Minimizing RSS

Simple Linear Regression with distinct x values – Everything Is OK

Suppose we have 3 observations:

$y_1 = 2$ , $x_1 = 1$ (first observation is in the first group)
$y_2 = 4$ , $x_2 = 2$ (second observation is in the second group)
$y_3 = 5$ , $x_3 = 3$ (third observation is in the second group)

Our model is

$y_i = \beta_0 + \beta_1 x_i + \varepsilon_i \\ \varepsilon_i \sim \text{Normal}(0, \sigma^2)$

The design matrix is $X = \begin{bmatrix} 1 & 1 \\ 1 & 2 \\ 1 & 3 \end{bmatrix}$

We know that we can use the following code to find the estimates of $\beta_0$ and $\beta_1$ :

X <- cbind(
  c(1, 1, 1),
  c(1, 2, 3)
)
y <- matrix(c(2, 4, 5))

beta_hat <- solve(t(X) %*% X) %*% t(X) %*% y
beta_hat

##           [,1]
## [1,] 0.6666667
## [2,] 1.5000000

Here is a picture of the RSS as a function of $\beta_0$ and $\beta_1$ , with our estimates $(\hat{\beta}_0, \hat{\beta}_1)$ shown with a red point:

$RSS = \sum_{i = 1}^n (y_i - \hat{y}_i)^2 = \{2 - (\beta_0 + \beta_1 \cdot 1)\}^2 + \{4 - (\beta_0 + \beta_1 \cdot 2)\}^2 + \{5 - (\beta_0 + \beta_1 \cdot 3)\}^2$

Simple Linear Regression with one x value – Everything Is Broken

Suppose we have 3 observations:

$y_1 = 2$ , $x_1 = 2$ (first observation is in the first group)
$y_2 = 4$ , $x_2 = 2$ (second observation is in the second group)
$y_3 = 5$ , $x_3 = 2$ (third observation is in the second group)

Our model is

$y_i = \beta_0 + \beta_1 x_i + \varepsilon_i \\ \varepsilon_i \sim \text{Normal}(0, \sigma^2)$

The design matrix is $X = \begin{bmatrix} 1 & 2 \\ 1 & 2 \\ 1 & 2 \end{bmatrix}$

We know that there is not a unique $\hat{\beta}$ that minimizes RSS because the columns of $X$ are not linearly independent.
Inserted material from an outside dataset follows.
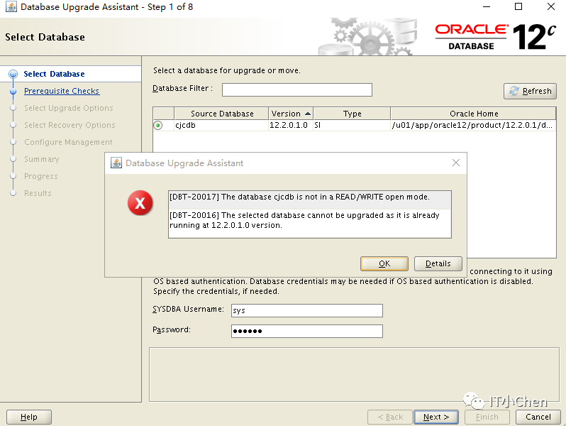 尝试使用DBUA工具重新升级,提示数据库不是读写模式,并且数据库已经是12.2.0.1.0版本了;

Here is a picture of the RSS as a function of $\beta_0$ and $\beta_1$ :

$RSS = \sum_{i = 1}^n (y_i - \hat{y}_i)^2 = \{2 - (\beta_0 + \beta_1 \cdot 2)\}^2 + \{4 - (\beta_0 + \beta_1 \cdot 2)\}^2 + \{5 - (\beta_0 + \beta_1 \cdot 2)\}^2$

Note that there is no unique pair $(\beta_0, \beta_1)$ that minimizes RSS.